Updating the ArgoCD Groups

Argo creates the following group in OpenShift to grant access and control inside of ArgoCD:

  • gitopsadmins

To add a user to the admin group run:

oc adm groups add-users argocdadmins $(oc whoami)

To add a user to the user group run:

oc adm groups add-users argocdusers $(oc whoami)

Once the user has been added to the group logout of Argo and log back in to apply the updated permissions. Validate that you have the correct permissions by going to User Info menu inside of Argo to check the user permissions.

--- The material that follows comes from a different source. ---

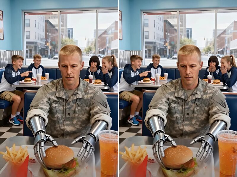 Atmosféra u stolu se postupně vyostřovala — každý nešikovný pohyb vojákových protéz dělal situaci ještě trapnější, a teenagerům to zřejmě připadalo jako zábavná hra.

Accessing Argo using the CLI

To log into ArgoCD using the argocd cli tool run the following command:

argocd login --sso <argocd-route> --grpc-web

ArgoCD Troubleshooting

Operator Shows Progressing for a Very Long Time

ArgoCD Symptoms:

Argo Applications and the child subscription object for operator installs show Progressing for a very long time.

Explanation:

Argo utilizes a Health Check to validate if an object has been successfully applied and updated, failed, or is progressing by the cluster. The health check for the Subscription object looks at the Condition field in the Subscription which is updated by the OLM. Once the Subscription is applied to the cluster, OLM creates several other objects in order to install the Operator. Once the Operator has been installed OLM will report the status back to the Subscription object. This reconciliation process may take several minutes even after the Operator has successfully installed.

Resolution/Troubleshooting:

  • Validate that the Operator has successfully installed via the Installed Operators section of the OpenShift Web Console.
  • If the Operator has not installed, additional troubleshooting is required.
  • If the Operator has successfully installed, feel free to ignore the Progressing state and proceed. OLM should reconcile the status after several minutes and Argo will update the state to Healthy.